Serious violations or repeated non-compliance can lead to immediate prosecution without warning.
Best practices for long-term compliance
Maintaining statutory registers becomes easier when you build good habits.
Assign clear responsibility: Designate someone (usually the company secretary) as the register keeper. Make this a formal role with defined duties.
Link to other processes: Connect register updates to your existing workflows. Share transfers should automatically trigger register updates. Board resolutions appointing directors should include a reminder to update the register.
Use checklists: Create a checklist for each type of change. This ensures you capture all required information and meet all deadlines.
Document everything: Keep supporting documents for every register entry. Board resolutions for director appointments. Share transfer forms for ownership changes. Identification documents for new significant controllers.
Review before annual returns: Before filing your annual return, verify that all registers are current.

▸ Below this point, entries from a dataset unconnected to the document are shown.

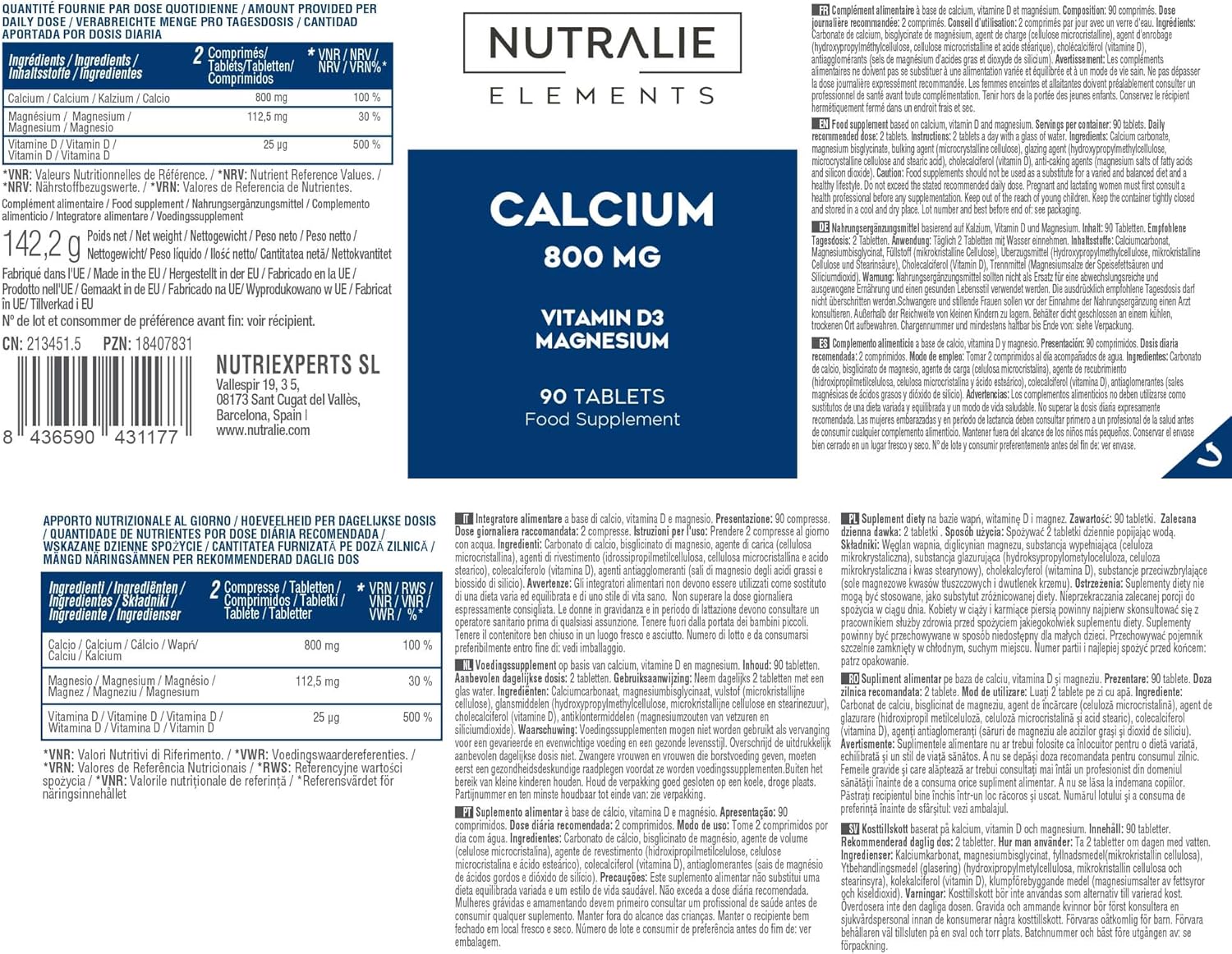 WITH MAGNESIUM: Calcium 800mg Elements from Nutralia contains 112.5mg of Magnesium. Magnesium contributes to normal muscle function. Statements supported by EFSA (European Food Safety Authority).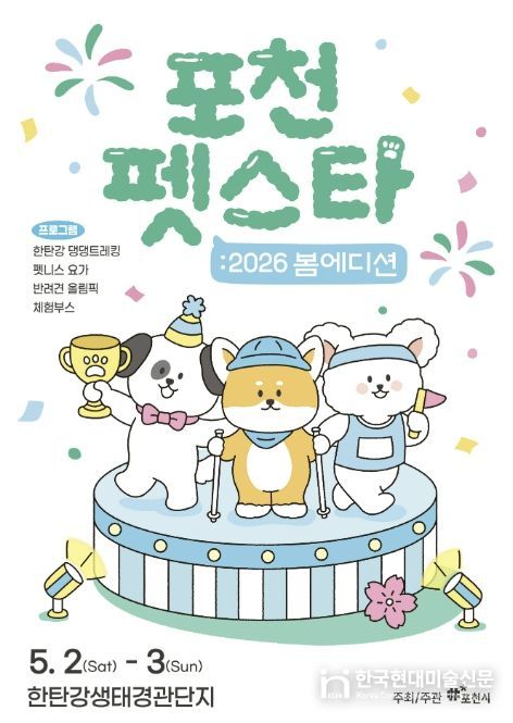 한국현대미술신문 배윤섭 기자 | 반려동물 친화관광도시 포천시는 오는 5월 2일부터 3일까지 이틀간 한탄강생태경관단지에서 ‘2026 포천 펫스타 봄 에디션’을 개최한다.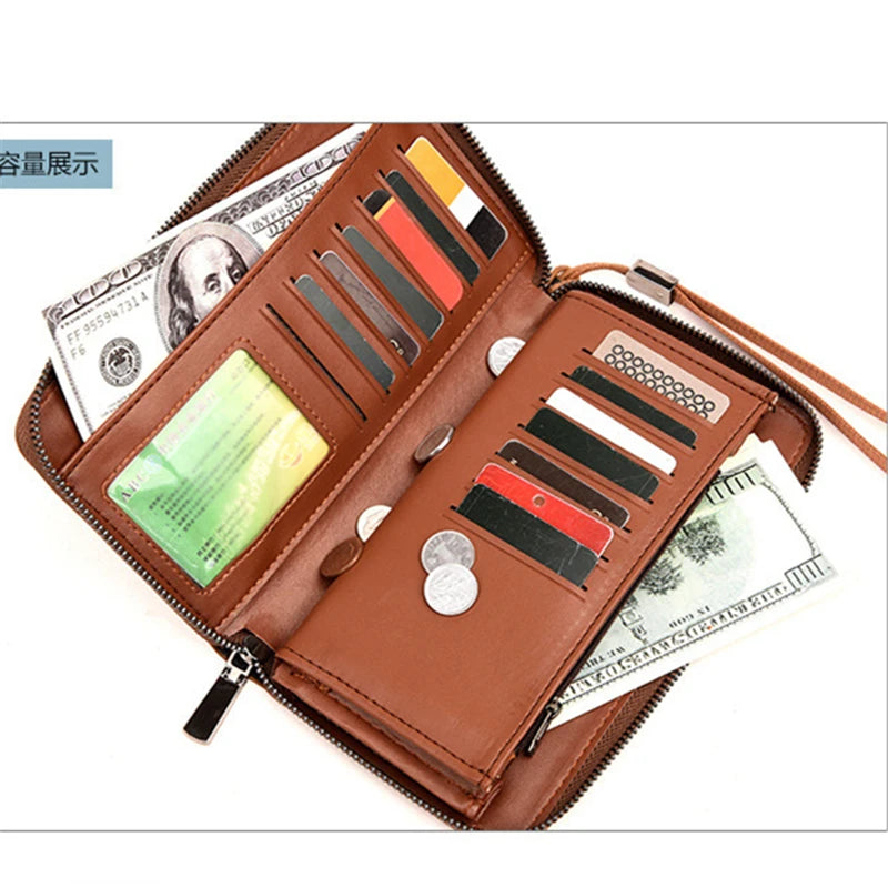 Stay organized with this large capacity men's clutch hand bag. Made with high-quality PU leather, this casual wallet features a hollow out design and is perfect for keeping your phone, money, and other essentials in one place.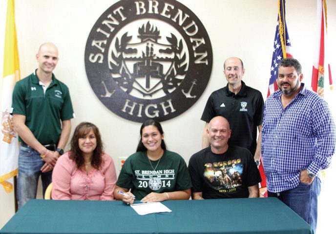 . Brendan High School senior Samantha Dominguez recently signed her letter of intent to play softball with Ursuline College in Ohio. Pictured are athletic director Julio Arnaiz, Mrs. Dominguez, Samantha, Mr. Dominguez, principal Jose Rodelgo-Bueno and coach Luis Padron.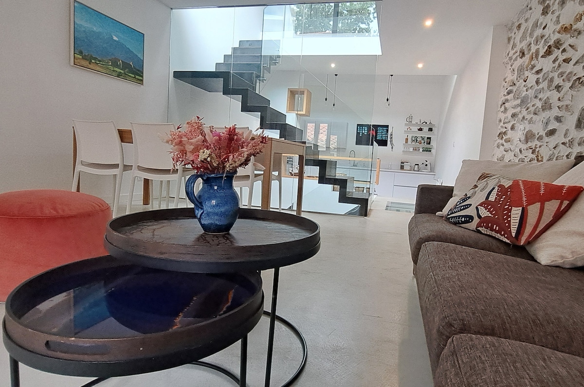 Odkrijte ta netipičen kraj, kjer lahko preživite nepozabne trenutke! Uživajte v vročem toplicah pozimi in osvežujočem poletju Odprto 7/7 , non stop, popolnoma zasebno , izven vidnega polja, ugnezdeno na »notranjem« vrtu. Navdušeni boste. Ta klimatizirana hiša je le nekaj metrov stran od trgovin z živili, pekarne, majhne restavracije in nekaj minut vožnje z avtomobilom od morja!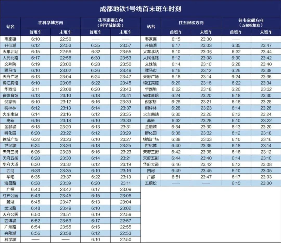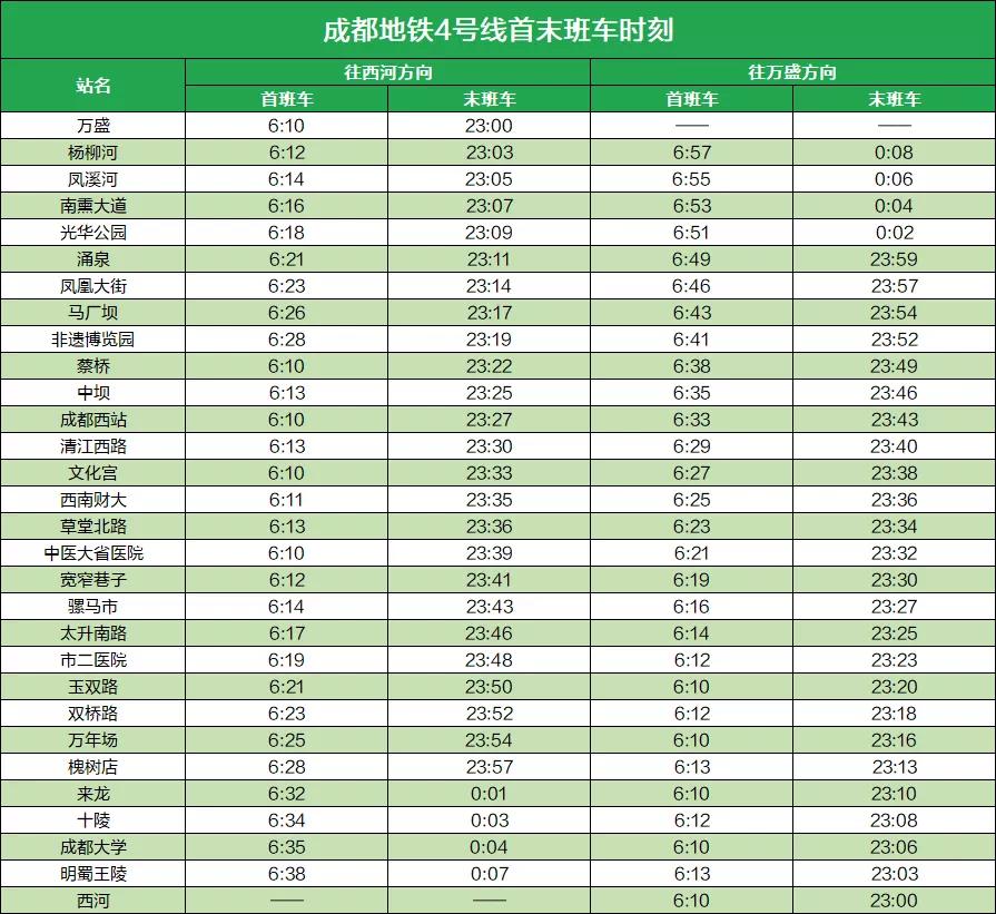4号线首末班车时刻表18号线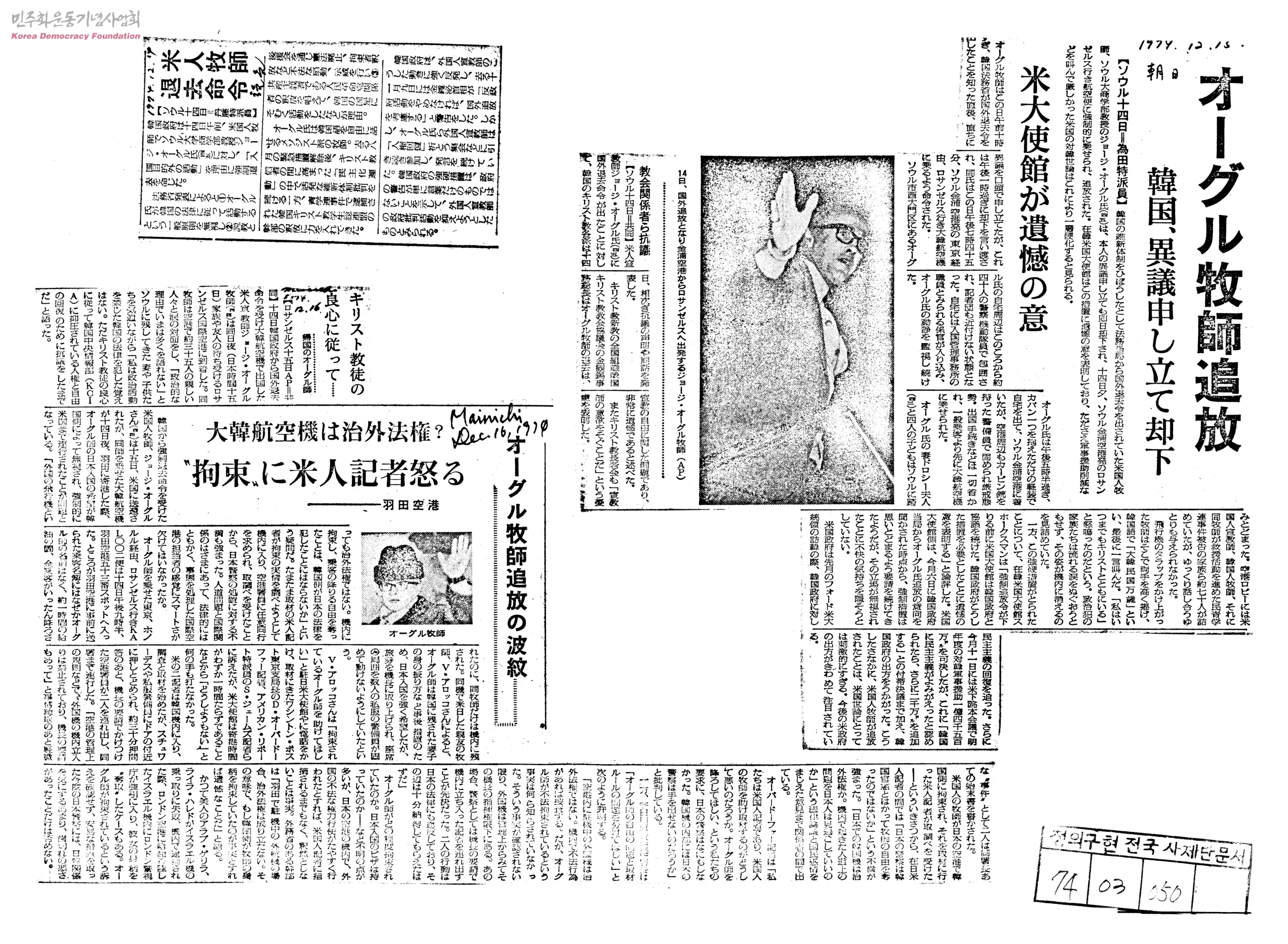 [신문스크랩]オ一グル牧師追放 韓國,異議申し立て却下에 관련 기사

This catches any missed updates before they become compliance issues.
Get professional help when needed: Complex situations like corporate restructuring, share buybacks, or identifying beneficial owners can be tricky. Your company secretary or legal advisor can ensure you get it right.
Making statutory registers work for you
Statutory registers aren’t just compliance boxes to tick. They’re valuable corporate records that serve your business.
They provide certainty about ownership when shareholders disagree. They clarify authority when signing contracts or opening bank accounts. They document your company’s history as it grows and changes.
Treat them as working documents, not filing cabinet decorations. Keep them current. Keep them accurate. Keep them accessible.
The 15 minutes you spend updating a register after each change saves hours of reconstruction later. The attention you give to complete, accurate entries prevents disputes down the road.
Your statutory registers tell your company’s story. Make sure it’s a story you can stand behind.